_Directions:_ The entries below should be given again exactly, minus their pictures.
★ ★ ★ ★ ★ ★ ★
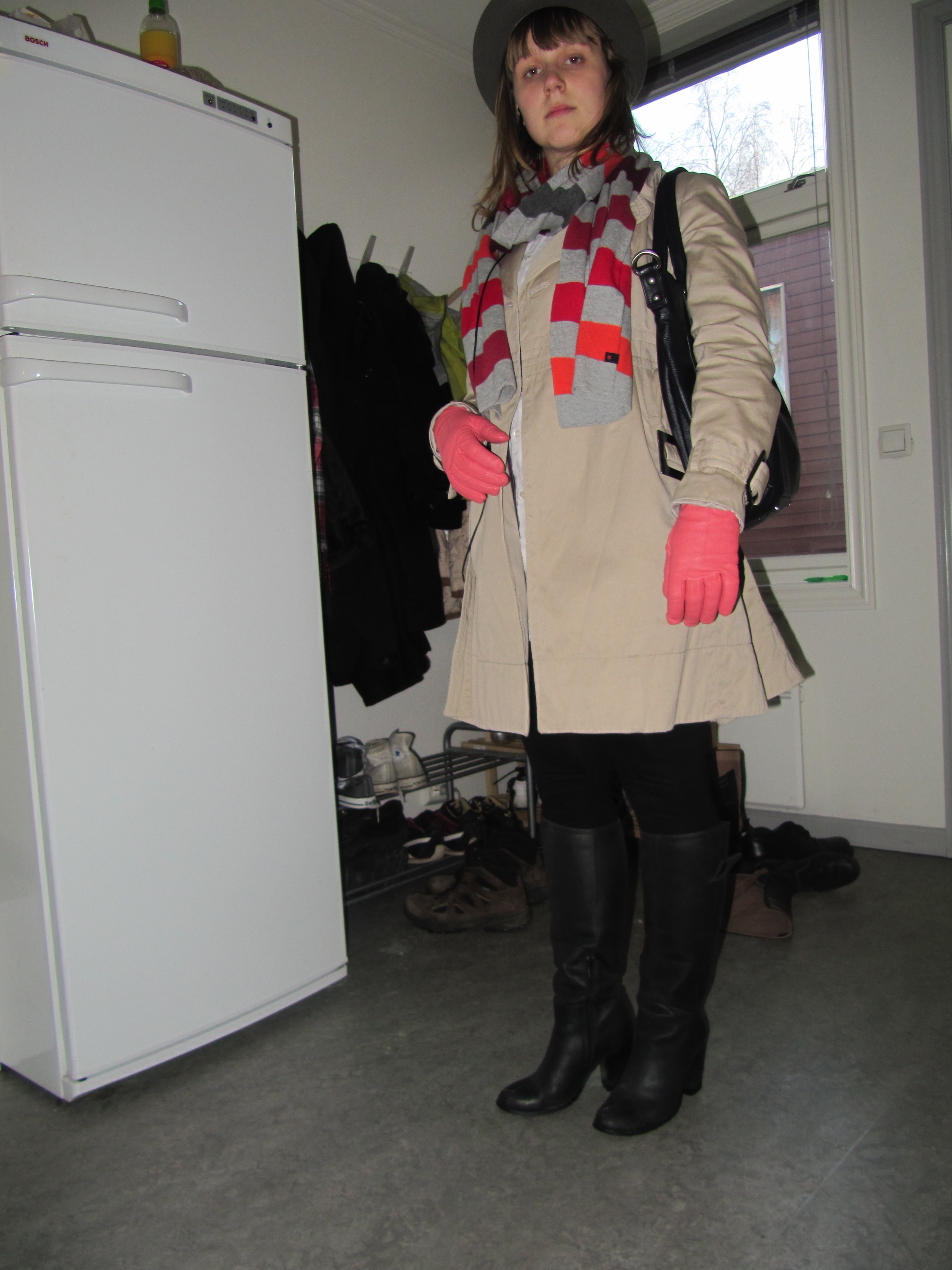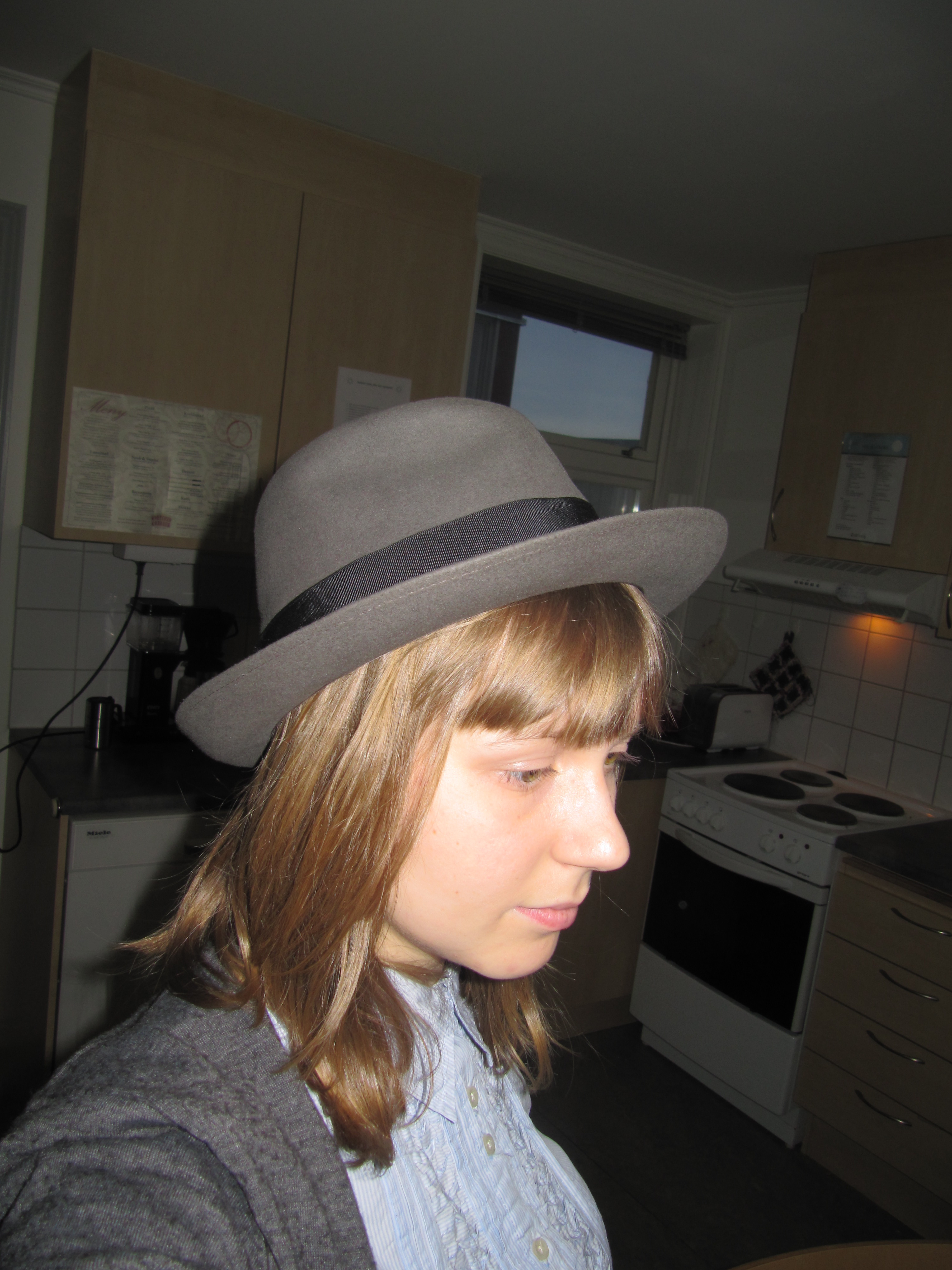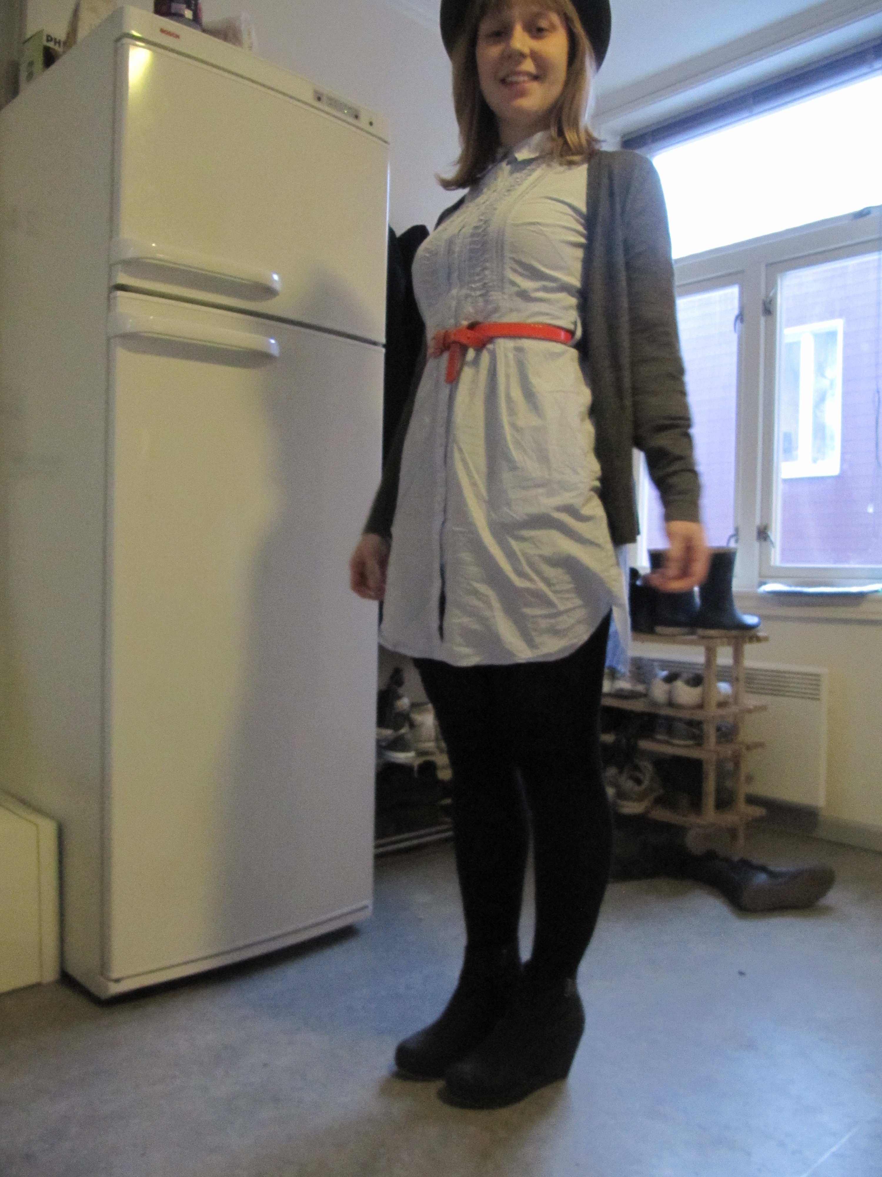 My ever faithful shirtdress, this time with electric orange D&G belt, grey merino cardigan from H&M (men section) and my lovely Borsalino
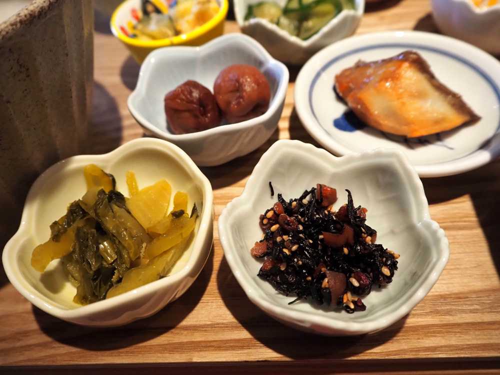お粥に梅ひじきを入れると、味変が出来る上に綺麗なピンク色になりました。みりん干しのお魚も優しい味付けで美味。全体的に薄味のお料理が多くてヘルシーなのに、お腹もいっぱいになれて、大満足な内容でした。
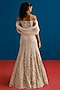 Featuring a muted pink skirt in tulle base with embroidery. It is paired with an embroidered corset and a tulle drape. Accentuate it with statement earrings and heels for an evening wear.
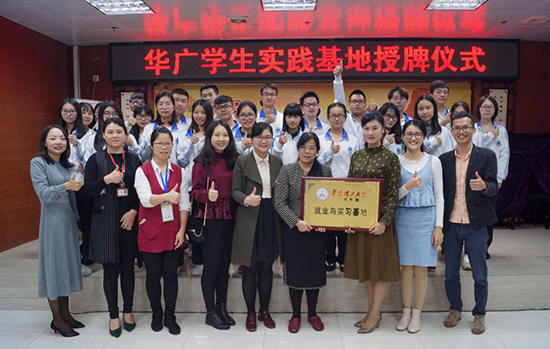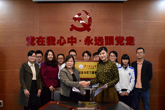 本网讯(记者李泳 陆楚慧周丽婷) 11月29日下午,管理学院一行前往新华街家庭综合服务中心,与其举行华南理工大学广州学院就业与实习基地签约暨授牌仪式。新华街家庭综合服务中心主任黄清华,我院党支总书记、副院长苏来英,学生工作办公室副主任祁健等人出席本次授牌仪式。
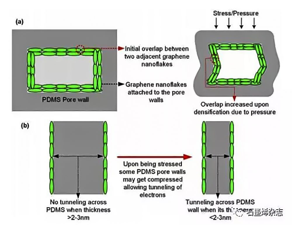 3. 石墨烯-PDMS泡沫傳感器中可能的應變誘導電阻調制機制的示意圖:(a)傳感器中觀察到的應變誘導電阻調制的導電域斷開機制的示意圖;(b)應力誘導隧穿電阻調制的示意圖。
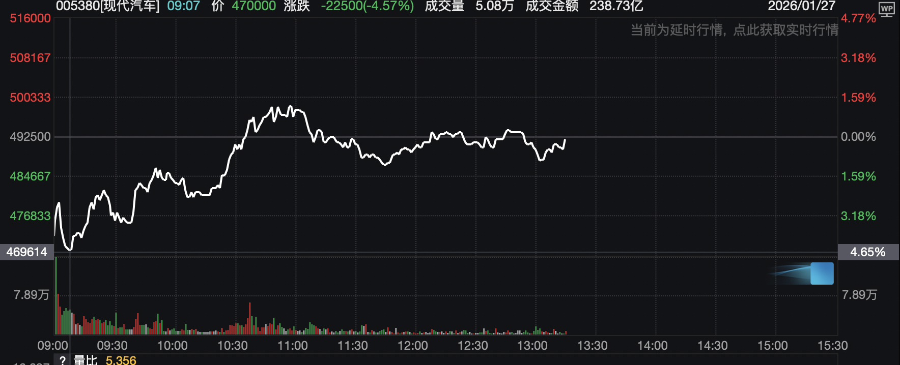 汽車股開盤大跌,後隨指數上升跌幅縮小
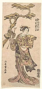 In the vibrant world of Edo-period Japan (1615–1868), Kitao Shigem's woodblock print *A Famous Actor of Women's* (ca. 1764) captures the allure of kabuki theater. This intimate print, measuring just 11⅛ × 5⅛ inches, depicts a celebrated *onnagata*—a actor renowned for portraying women with graceful poise. Surrounded by delicate trees, the figure embodies the theatrical glamour that captivated urban audiences in 18th-century Tokyo (then Edo). Shigemasa, a master of the ukiyo-e ("pictures of the floating world") style, elevated everyday celebrities like actors into icons of popular culture. Woo...
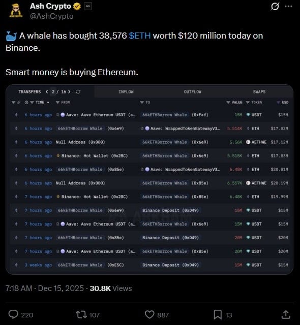 Część wielorybów po prostu kupuje i zwiększa swoje zasoby. O dużej transakcji informował kilka godzin temu Ash Crypto. Popularny ekspert opublikował dane dotyczące transakcji, w ramach której jeden wieloryb w kilku samodzielnie nabył ponad 38 tys. sztuk ETH. Na zakup tokena wieloryb wydał 120 mln dolarów.
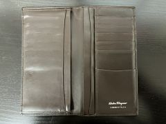 フェラガモのお買取です。こちらは札入れ。結構使用感がございます。これぐらいのダメージでも全く問題ございません。ぜひおまかせください。おかげさまで13周年!フェラガモのお買取りもおたからや箕面店へ!
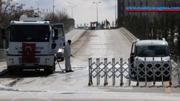 Umreden getirilen 3 bin 500 Türk vatandaşının Ankara'da bulunan KYK yurtlarındaki karantinaları devam ederken, karantinanın yapıldığı alan içerisine giren resmi ve sivil araçlar çıkışta belediye tankerleri tarafından ilaçlı suyla dezenfekte ediliyor.
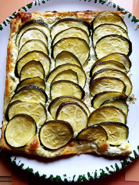 und auf dem Blätterteig verteilen. Darauf die Zucchinischeiben
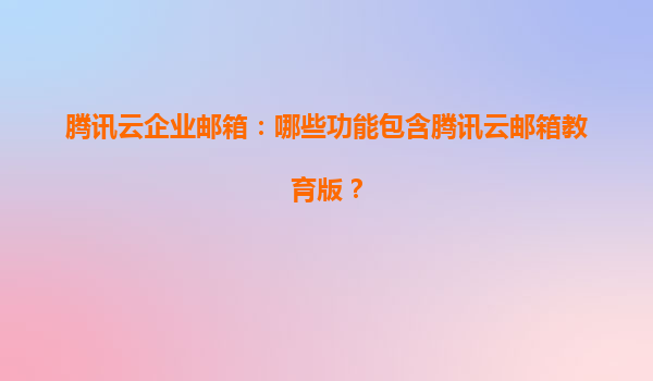 腾讯云企业邮箱教育版功能详解及代理商优势 一、腾讯云企业邮箱教育版核心功能 腾讯云企业邮箱教育版是专为教育机构设计的云端邮件解决方案,包含以下核心功能: 专属域...
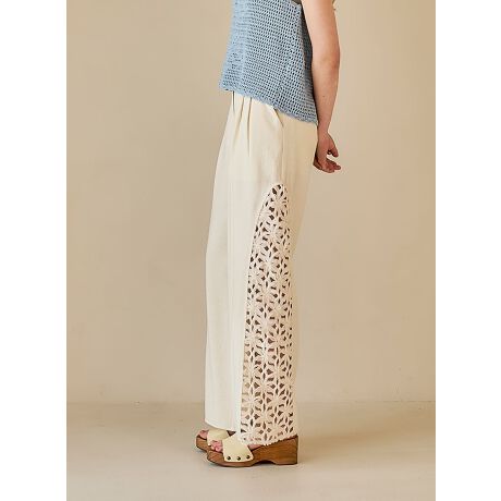ネップの効いた綺麗な生地感と、サイドにフラワー柄の穴あき素材を配置して大人の肌見せ感もある、春夏にぴったりなトラウザー。
★ ★ ★ ★ ★ ★ ★
_Your response:_
 My ever faithful shirtdress, this time with electric orange D&G belt, grey merino cardigan from H&M (men section) and my lovely Borsalino
お粥に梅ひじきを入れると、味変が出来る上に綺麗なピンク色になりました。みりん干しのお魚も優しい味付けで美味。全体的に薄味のお料理が多くてヘルシーなのに、お腹もいっぱいになれて、大満足な内容でした。
 Featuring a muted pink skirt in tulle base with embroidery. It is paired with an embroidered corset and a tulle drape. Accentuate it with statement earrings and heels for an evening wear.
 本网讯(记者李泳 陆楚慧周丽婷) 11月29日下午,管理学院一行前往新华街家庭综合服务中心,与其举行华南理工大学广州学院就业与实习基地签约暨授牌仪式。新华街家庭综合服务中心主任黄清华,我院党支总书记、副院长苏来英,学生工作办公室副主任祁健等人出席本次授牌仪式。
 3. 石墨烯-PDMS泡沫傳感器中可能的應變誘導電阻調制機制的示意圖:(a)傳感器中觀察到的應變誘導電阻調制的導電域斷開機制的示意圖;(b)應力誘導隧穿電阻調制的示意圖。
 汽車股開盤大跌,後隨指數上升跌幅縮小
 In the vibrant world of Edo-period Japan (1615–1868), Kitao Shigem's woodblock print *A Famous Actor of Women's* (ca. 1764) captures the allure of kabuki theater. This intimate print, measuring just 11⅛ × 5⅛ inches, depicts a celebrated *onnagata*—a actor renowned for portraying women with graceful poise. Surrounded by delicate trees, the figure embodies the theatrical glamour that captivated urban audiences in 18th-century Tokyo (then Edo). Shigemasa, a master of the ukiyo-e ("pictures of the floating world") style, elevated everyday celebrities like actors into icons of popular culture. Woo...
 Część wielorybów po prostu kupuje i zwiększa swoje zasoby. O dużej transakcji informował kilka godzin temu Ash Crypto. Popularny ekspert opublikował dane dotyczące transakcji, w ramach której jeden wieloryb w kilku samodzielnie nabył ponad 38 tys. sztuk ETH. Na zakup tokena wieloryb wydał 120 mln dolarów.
 フェラガモのお買取です。こちらは札入れ。結構使用感がございます。これぐらいのダメージでも全く問題ございません。ぜひおまかせください。おかげさまで13周年!フェラガモのお買取りもおたからや箕面店へ!
 Umreden getirilen 3 bin 500 Türk vatandaşının Ankara'da bulunan KYK yurtlarındaki karantinaları devam ederken, karantinanın yapıldığı alan içerisine giren resmi ve sivil araçlar çıkışta belediye tankerleri tarafından ilaçlı suyla dezenfekte ediliyor.
 und auf dem Blätterteig verteilen. Darauf die Zucchinischeiben
 腾讯云企业邮箱教育版功能详解及代理商优势 一、腾讯云企业邮箱教育版核心功能 腾讯云企业邮箱教育版是专为教育机构设计的云端邮件解决方案,包含以下核心功能: 专属域...
ネップの効いた綺麗な生地感と、サイドにフラワー柄の穴あき素材を配置して大人の肌見せ感もある、春夏にぴったりなトラウザー。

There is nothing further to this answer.